When Ramos and B.U.T.S.’ co-creator Irene Lucio started posting videos, Ramos said that they went viral organically because people connected to the content and appreciated the humor behind it. For her, it was a big deal because as a Latina woman, she was able to create a show that represents her community while also being enjoyable and funny overall.
“For any women anywhere in the world that really thinks that this is a medium for white men, we have to do something about it,” Ramos said. “We have to get together and inspire each other to collaborate by writing things down, putting it on video and uploading it online. Let’s create this community and not ask permission to do what we want to do and say what we want to say.”
Honora Talbott and Bill Posley are the directors, writers and two of the actors behind “We Know Where You Live.” They said that comedy has the power to tackle complicated issues and tough topics. According to Talbott, “We Know Where You Live” is a comedy-thriller about a Mexican-American couple that moves to a house in Atwater Village.
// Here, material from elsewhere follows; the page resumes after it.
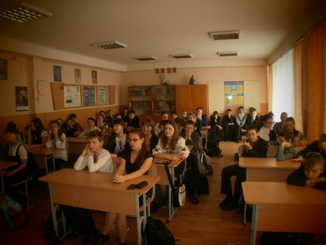Присутні дізнались, що протягом короткого життя Василь Симоненко написав поезiï, провiдною темою яких є любов до рiдноï землi, вiдповiдальнiсть за ïï долю. Поет писав новели, пробував створити кiносценарiй зi студентського життя, став автором численних статей, театральних i лiтературних рецензiй, створив три казки для дiтей i дорослих: «Цар Плаксiй i Лоскотон», «Подорож в краïну Навпаки», «Казка про Дурила». Деякі з поезій В.Симоненка, учні обрали для голосного читання. У виконанні Старкової Наталіі, Приходько Іллі, Петриченко Анни звучали поетичні твори: «Лебеді материнства», «Матері», «З дитинства», «Світ який – мереживо казкове», «Ти знаєш, що ти людина» та інші.

A white hipster couple, played by Talbott and Posley, befriends the Mexican-American couple to eventually sign a lease on their house. Talbott said the film addresses gentrification in Los Angeles and is also a take on the 2017 film “Get Out,” a thriller that critically examines interracial relationship tensions and racism’s visceral presence in the U.S.
“I’ve definitely seen the city go through so many changes, and we’ve lived in areas where we’ve seen changes over the years. We felt like we had an opportunity to comment on that in a way that’s comedic,” Posley said. “To take something as serious as gentrification and make palatable through comedy is what we wanted to do.”
Posley said that if a filmmaker comes at a film from a dramatic angle, it can come off as overbearing. He and Talbott wanted to have fun with the film and address gentrification comedically because it gives people an opportunity to look at an issue in a different way than they may have looked at it before.
“Like, ‘Uh-oh, I see myself in these villains we’re looking at,’ rather than saying someone is the ‘bad guy’ directly,” Talbott said. “Maybe all of us can have some of the ‘bad guy’ in us and start acknowledging that we need to fit into a neighborhood rather than change it.”